The day’s chaotic tone was set at 2:55 a.m. Monday, when aides to Fairfax — a Democrat widely seen as a rising star in the party — put out a statement saying the sexual assault allegation was “false” and that Fairfax had “never assaulted anyone — ever — in any way, shape or form.” The aides said Fairfax is considering “appropriate legal action against those attempting to spread this defamatory and false allegation.”

Fairfax’s aides said The Washington Post had investigated the claims around the time of the lieutenant governor’s inauguration last year but did not publish an article.

According to a Post story Monday, the woman contacted the newspaper after Fairfax won election in November 2017 and alleged that he had sexually assaulted her in 2004.

The Post had been unable to corroborate her allegations, which Fairfax had denied at the time, according to the story.

Lawmakers in Richmond insisted that, despite the tumult, they were trying to work as normal. This week is among the most crucial for the General Assembly, because Tuesday is “crossover day,” the moment on the legislative calendar when the two chambers swap their passed bills.

And as sunset neared on the Jefferson-designed Capitol, the House of Delegates was in session, considering a bill about embryos and assisted conception as its members sat quietly in their seats. One was wrapped in a blanket.

“I’m just sort of focusing what we’re working on,” said Alfonso H. Lopez, a Northern Virginia legislator who is the House’s Democratic whip.

But when they stepped away from their desks, the lawmakers could not help but express their fears about the implications of Northam remaining in office.

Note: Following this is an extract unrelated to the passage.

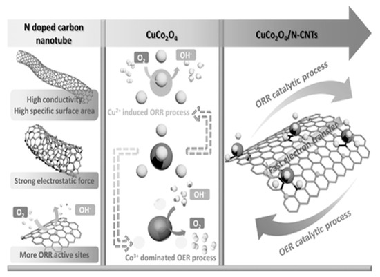 To learn the role of the N-CNTs, researchers performed electrochemical impedance spectrum (EIS), electrochemical double-layer capacitance (Cdl), and XPS analysis. In the findings, with lower resistance (EIS) and greater capacitance (electrochemically active surface area) along with BET measurement (11.18 m2 g−1), N-CNT provided a large surface area and restricted the aggregation and bonding between N and Cu; additionally, Co offered pyridine nitrogen for good ORR by generating more catalytic sites in CuCo2O4. The catalytic process of CuCo2O4/N-CNT is illustrated in Figure 7. Further, the authors measured the chronoamperometry and chronopotentiometry to identify the stability and used a rotational ring disk electrode to identify the number of electrons transferred.

By Monday evening the governor had spent more than three long nights in deepening political isolation, abandoned by Democrats who quickly came to see his diminished standing as a burden on two fronts: their policy agenda, including matters like teacher pay and tax policy, and their efforts to capture control of the House of Delegates and the Senate this year.

Both chambers are within reach for the party, which has made gains throughout the state in recent years.

“It would be very burdensome for us in this election year to have a governor who’s being protested at every stop,” said Mark Sickles, a Democratic legislator from Northern Virginia.